Laying the foundations

Learning AI and Machine Learning is hard because you have to make a functioning app. But you have no choice but to move forward. You have understood the concepts of speech-to-text and summarization, chosen a platform and technology as a foundation, and even explored which framework would suit your project best between MVVM and MV (SwiftUI is Model-View itself!). We won't cover it in this article, but if you want to learn more, follow the links below:

https://azamsharp.com/2023/02/28/building-large-scale-apps-swiftui.html

Finally, for this project, I decided to build the app on macOS using SwiftUI as the programming language.

Development Stage

Practice makes perfect! The best way to learn how to swim is to swim. So in this project, we learned how to build an app ourselves. We used Apple's App Dev Tutorials to create a project from scratch. For more information, see the following links:

https://developer.apple.com/tutorials/app-dev-training/getting-started-with-scrumdinger

First, we organized views and models into different folders. Views display all the information, while models define the data and have functionality bound to a specific context. For example, a speech recognition model contains data structures and functionality to access the microphone, start speech, transcribe speech, save data to local storage, etc.
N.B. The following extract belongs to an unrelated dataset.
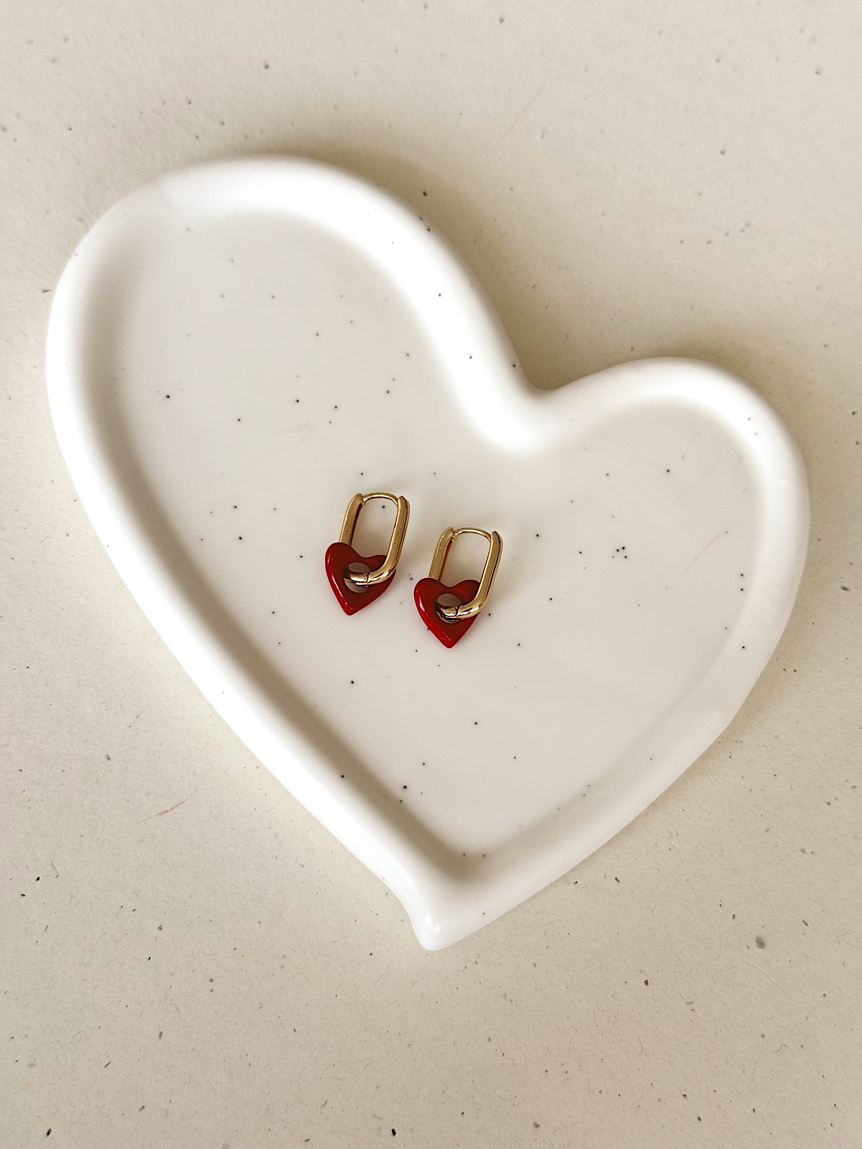 Regular price Dhs. 55.00Sale price Dhs. 55.00 Regular price Dhs. 85.77Unit price / perAdd a touch of charm to your everyday look. Bold yet playful, these earrings feature sleek stainless steel hoops with glossy red enamel hearts. Material:...

As you can see, we've also standardized file names to help contributors understand the purpose of the files at a glance. We use the word “View” in all files that display information to the user. To keep the project simple, we're only using Models and Views.

We then created the ability to organize meetings into relevant groups. The Application folder would contain all meetings on implementation, discussions, progress sharing, and all other topics related to the application. It would be convenient for individuals to review and access the data again.

Additionally, we've enabled users to set up meetings, allowing them to create titles, meeting durations, attendees, and customize folder colors.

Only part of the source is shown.